Customers, it says, have preferred to buy online during the pandemic at a time when they are discovering the benefits of playing and creating music. Allied to lower than expected marketing costs and higher than expected profit margins, this has combined to deliver “higher profitability than we would have expected to achieve under normal circumstances”. 

The retailer, a Top250 retailer in RXUK Top500 research, today reported revenue of £70.2m in the six months to September 30. That’s 42% up on the same time last year and came as 403,000 new customers bought from it – 52% more than at the same time last year. Pre-tax profits of £5.75m were well ahead of the £279,000 loss reported at the same time last year. 

More than half (58%) of users came via its mobile website. That’s down from 65% a year earlier, likely a Covid-19 effect. Its conversion rate rose to 3.9% from 3.02% last year, while its average order value fell to £117. Sales of its own-brand products grew by 43% to account for 28% of the products it sells. 

Gear4music chief executive Andrew Wass said the retailer’s sales were increasing in response to Covid restrictions across Europe, while its profits were improving as a result of its work to make its operations more efficient and to improve its gross profit margins.
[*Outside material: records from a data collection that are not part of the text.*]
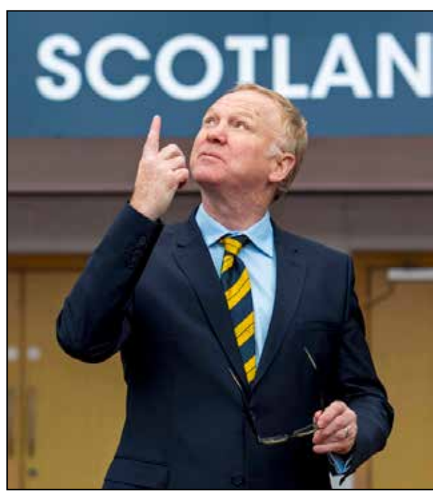
THE ONLY WAY IS UP? The Scottish FA say the search for a successor "will begin immediately".

His departure comes a month after Scotland were humiliated 3-0 by world ranked 117 nation Kazakhstan, then recorded unconvincing 2-0 win
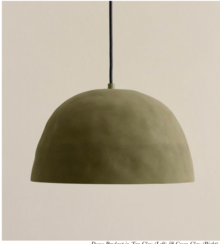
Dome Pendant in Tan Clay (Left) & Green Clay (Right)
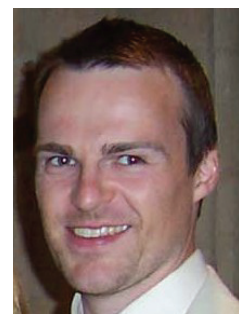
James Henstock Institute for Science & Technology in Medicine, Keele University Medical School, ST4 7QB, UK

Magnetic nanoparticles provide a unique approach to directing mechanotransduction in cells, and have several features which make them highly translatable to clinical situations. By surface coating a (superparamagnetic) iron oxide nanoparticle with biomolecules such as receptor ligands or mechanosensor-binding antibodies the nanoparticles can be very precisely targeted, allowing researchers to take control over individual mechanotransduction pathways by simply tailoring the size and coating of the particle. Once bound to the target receptor on the cell, applying a variable magnetic field (from either a moving array of permanent magnets
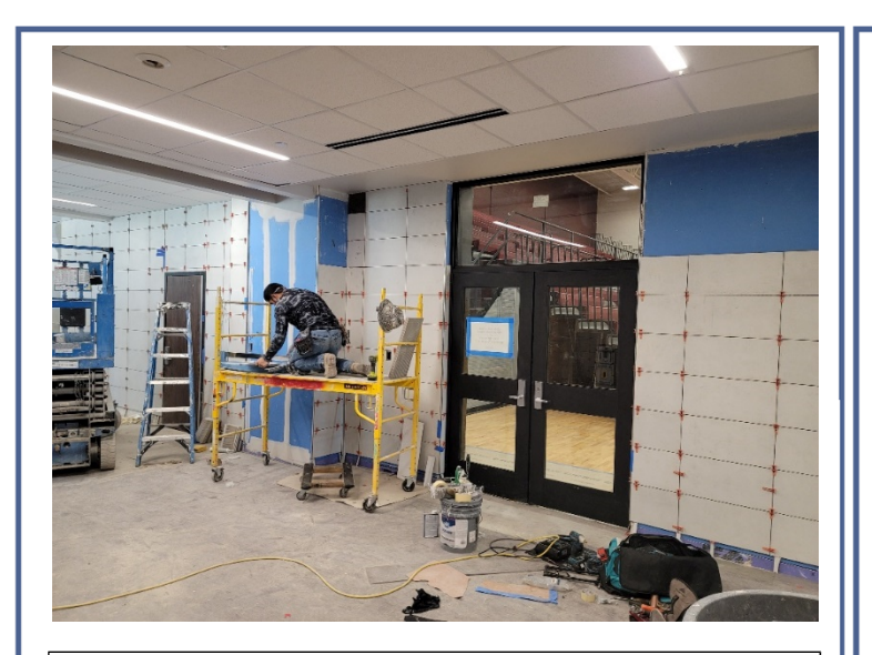
Area D: Corridor tile installation in progress.
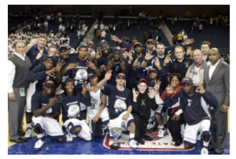
Class AAAAA Boys Champion: Norcross
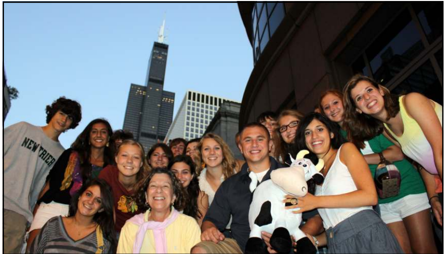
The Goyans had another great time on their annual trip to Downtown Chicago as pictured in their traditional group photo in front of the "Sears" Tower.
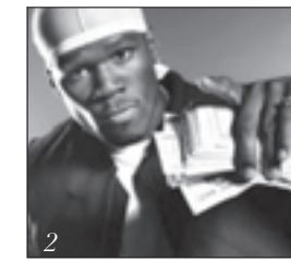
2. 50 Cent releases the hit "In Da Club," and his album "Get Rich or Die Tryin'" goes to the top of the charts.
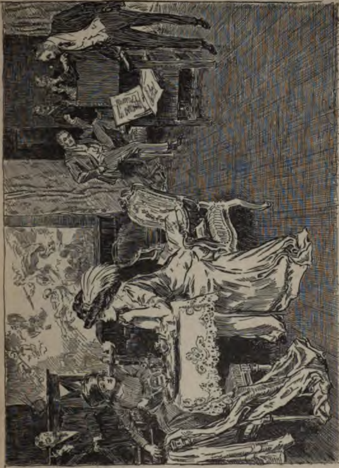
“Ogilvy stood looking sentimentally at the two young girls.”
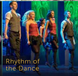
Rhythm of the Dance
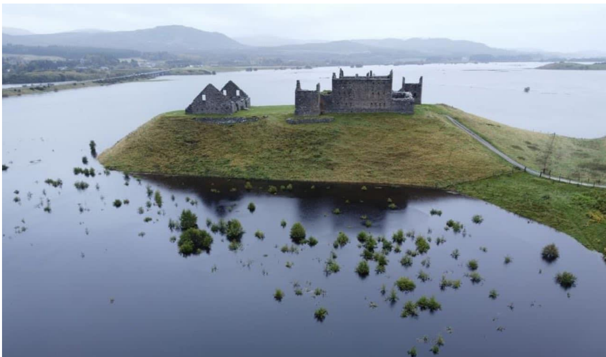
The River Spey in flood, surrounds Ruthven Barracks in October. Kingussie is in the background (top left)

For more information go to www.savingwildcats.org.uk/wild and Critically endangered wildcats now call the Cairngorms National Park home | RZSS
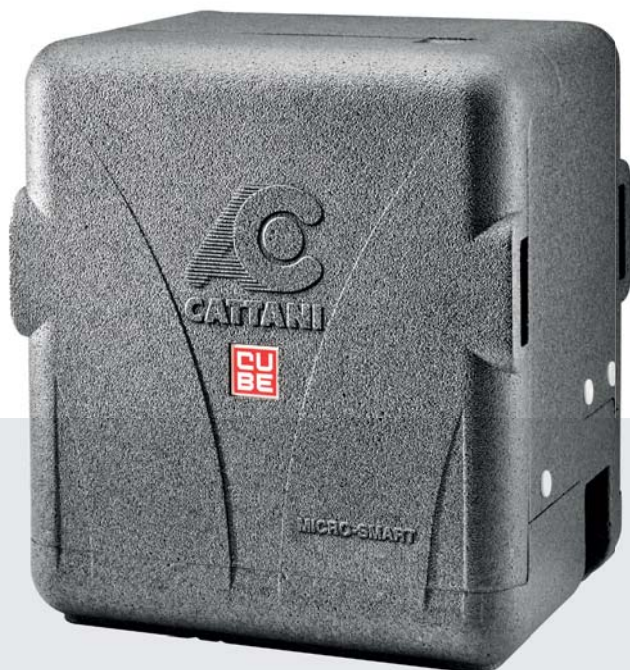
Micro Smart Cube

The unit now operates with a remote keypad that allows visual operation of the machine and user intervention if required. These systems are incredibly reliable: if the machine detects an abnormality either electrically, functionally or mechanically, the units self protection mode will automatically intervene, this helps preserve the unit from any damage that could potentially ensue. Once the problem has been rectified or has subsided the machine will automatically resume to normal operation.

That’s a turnaround from the situation In the year to March 2019 when it reported a pre-tax loss despite sales growth of 48% after its warehouse hit maximum capacity in the run-up to Christmas 2018, resulting in higher costs. 

He says: “We expect the significant growth in new customers achieved during the period will benefit the group in both the medium and longer term, as more people appreciate the benefits that playing and creating music can bring.”
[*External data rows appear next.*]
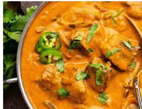
LAMB TIKKA MASALA 180G Boneless Lamb Shoulder Cooked in Rich Masala Onion & Tomato Topped with Fresh Coriander
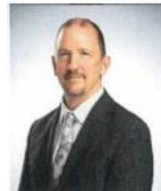
Joseph Dunford Deputy Minister of Consumer Protection and Government Services
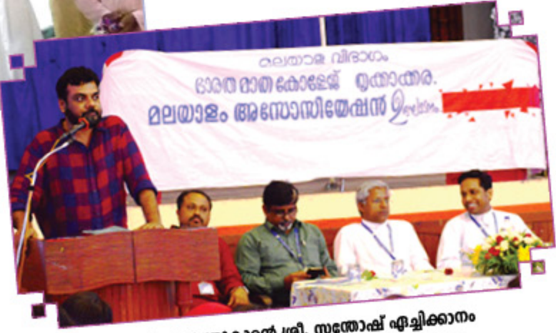
പ്രമുഖ എഴുത്തുകാരൻ ശ്രീ. സതോഷ് ഏച്ചിക്കാനം മലയാളം അസോസിയേഷൻ ഉദ്ഘാടനം ചെയ്യുന്നു.
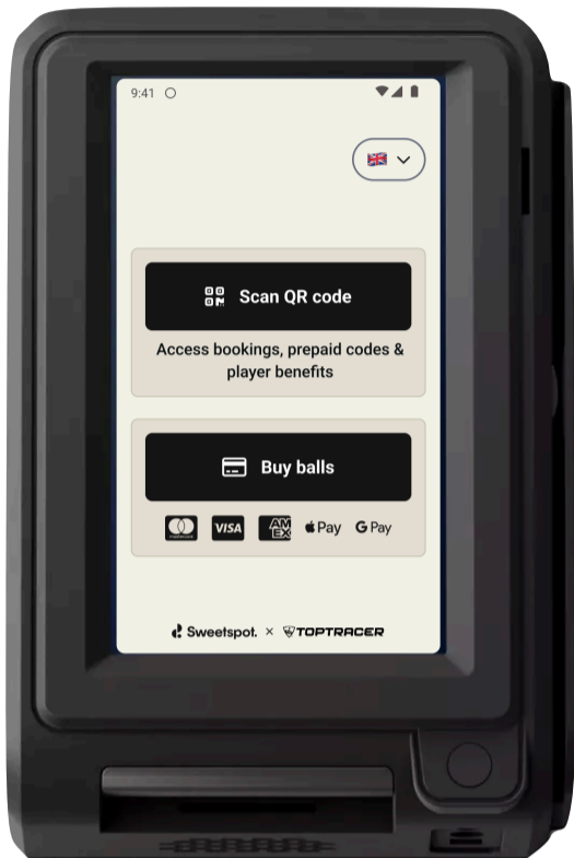
Select Scan QR Code
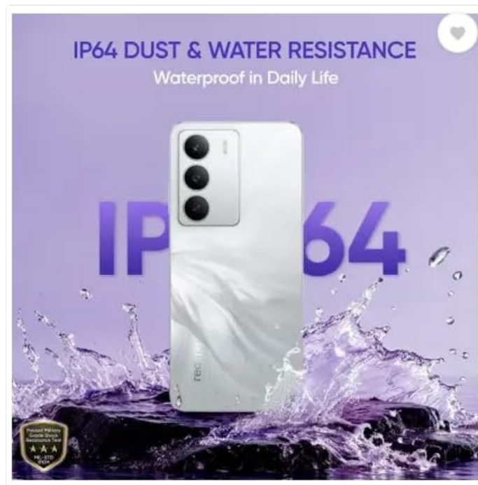
Image 5.2: Visual representation of the IP64 dust and water resistance.
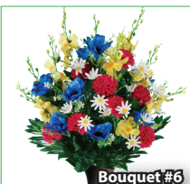
Blue Anemone Garden Mix Bouquet
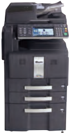
Shown with Optional DSDP and 3,000 Sheet LCT 23.8 W x 26.8 D x 48.8 H
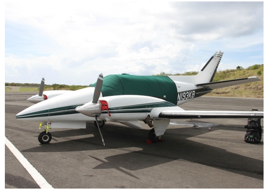
Beech Duke Canopy Cover, Engine Plugs
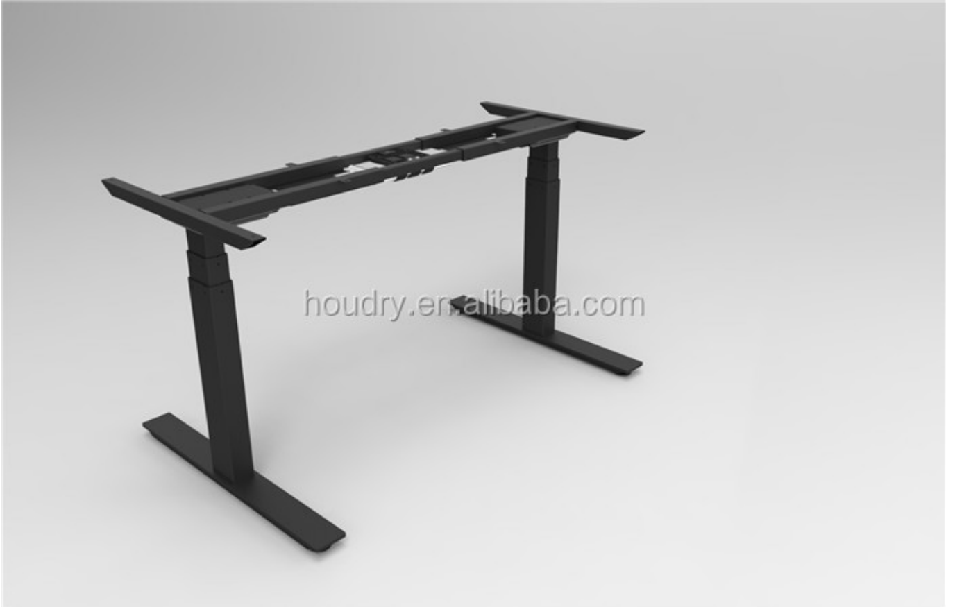
2 legs / 2 motors / 3 Column segments with CE certificated Super mute motor synchronization control system
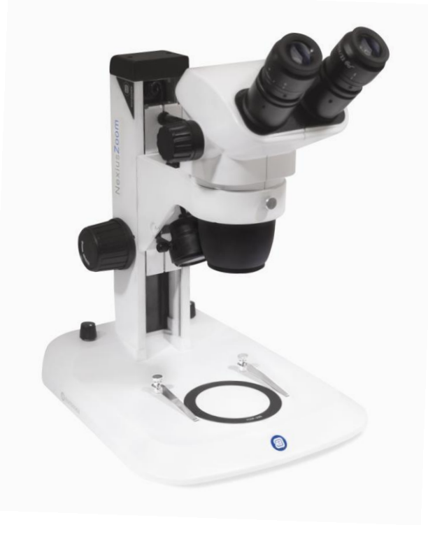
NexiusZoom with rack and pinion stand NZ.1902-S

Bino- or trinocular heads with 45° inclined tubes Both eyepieces with \pm\,5 diopter adjustments Interpupillary distance adjustable between 54 mm and 75 mm

During the first half of the the group invested £1.4m in its ecommerce platform, including “a range of Brexit mitigation projects” including operational upgrades to its warehouses, setting up returns centres at its European hubs. More than a quarter (26%) of orders were fulfilled from its European distribution centres in the first half, a proportion that is now increasing as more local courier options are added, and stock levels are reconfigures. 

And, he says: “Alongside the challenges of Covid, Brexit will also bring new challenges to our industry, and we expect this combination of events will drive further consolidation within our market. Whilst it is difficult to predict every outcome of Brexit, after several years of planning we are well prepared for the required operational changes, with our European hubs and local courier networks underpinning our revised distribution strategy. 
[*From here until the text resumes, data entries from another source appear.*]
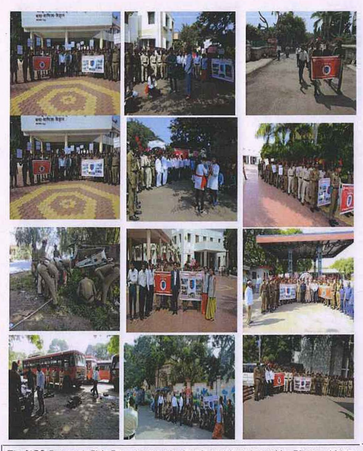
The NCC Boys and Girls Bn were organized and participated swachha Bharat Abhiyan rally at Shirur.
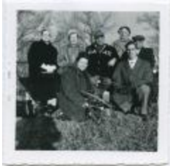
My trip to Berens River (13d-c5713-d26)
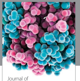
Journal of Diabetes Research
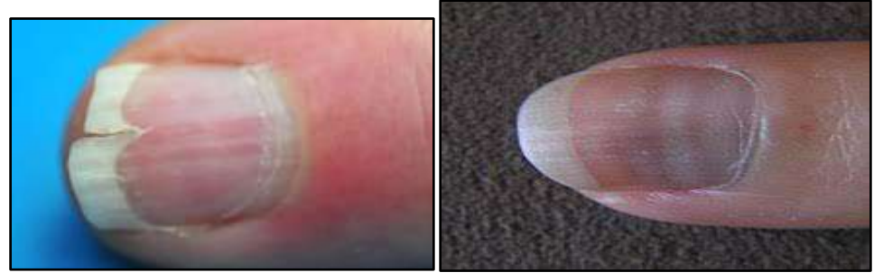
Fig vii. Onychorrhexis Fig viii. Leuconychia

viii. Leuconychia: This condition is brought on by trauma in which air bubbles become trapped in the layers of the nail plate, leaving a white line or spot on the nail. It may run in families, and there is no need for treatment because the spots will fade as the nail plate does<sup>[16]</sup>.
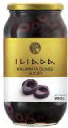
KALAMATA OLIVES SLICED NW: 950g / DW: 580g

“I am pleased to report that trading into November continues to be very strong, and we are well positioned for what we expect to be a busy peak trading period ahead of us. We therefore expect that results for the financial year will now be ahead of the recently upgraded consensus market expectations.”

York-based Gear4music sells online for delivery to more than 190 countries, and from showrooms in York, Sweden and Germany, where it also has distribution centres.